MHB High school inequality |2−(−1)n−l|≥a

[solakis1]

Given any real No $$l$$,then prove,that there exist $$a>0$$ such that ,for all natural Nos $$k$$ there exist $$n\geq k$$
such that:

$$|2-(-1)^n-l|\geq a$$

 

[HallsofIvy]

Frankly, that doesn't make much sense. For any integer, n, (-1)^n is either 1 (n even) or -1 (n odd). So |2- (-1)^n- l| is either |2- 1- l|= |1- l| or |2+ 1- l|= |3- l|. Of course there exist both odd and even numbers larger than any given k.

 

[solakis1]

Frankly, that doesn't make much sense. For any integer, n, (-1)^n is either 1 (n even) or -1 (n odd).

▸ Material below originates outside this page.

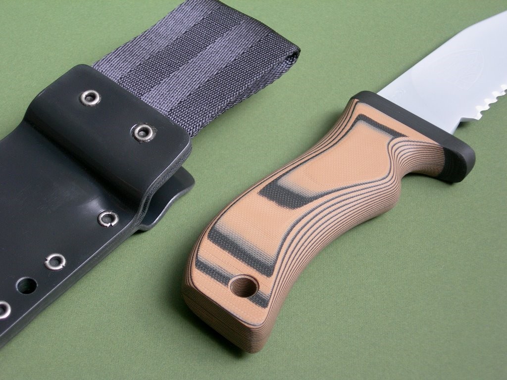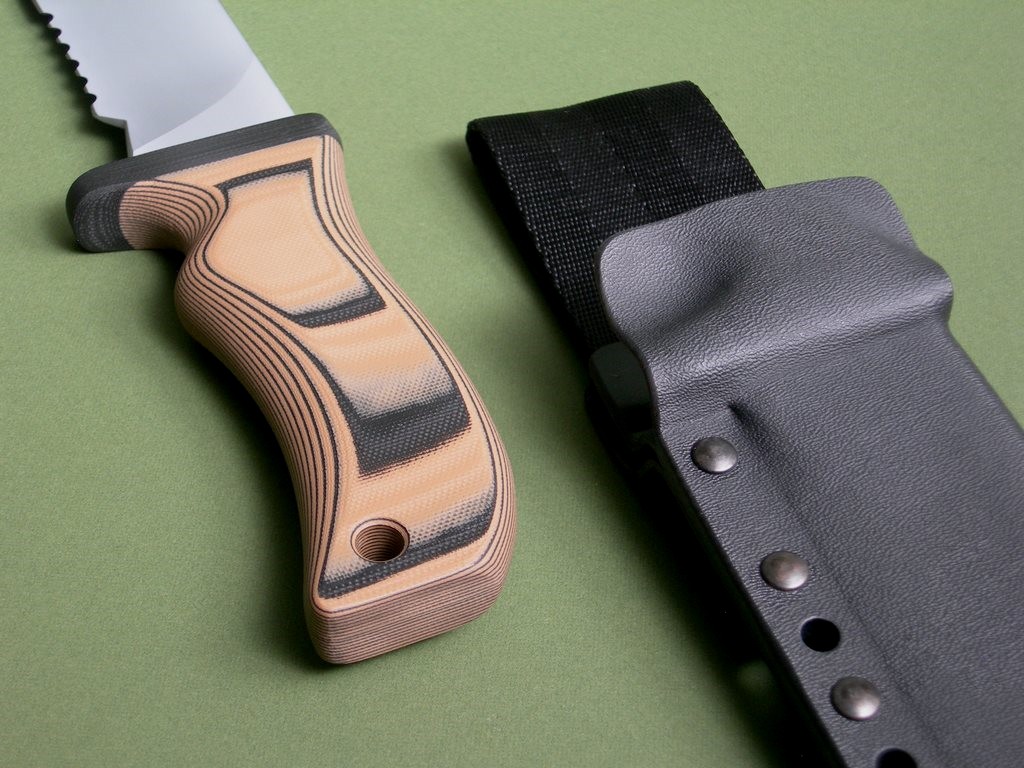 10 photos for review – as shown, a new Mad Dog Knives carry case is included. Just a handful of this SERE model have been made thus far and just this one black / tan SERE in stock right now. Additional information below... thanks and good luck.

So |2- (-1)^n- l| is either |2- 1- l|= |1- l| or |2+ 1- l|= |3- l|. Of course there exist both odd and even numbers larger than any given k.

Given any $$l$$ the OP is looking for $$a>0$$,such that:

$$\forall k(k\in N\Longrightarrow\exists n(n\geq k\wedge |2-(-1)^n-l|\geq a))$$

Does it make sense now ??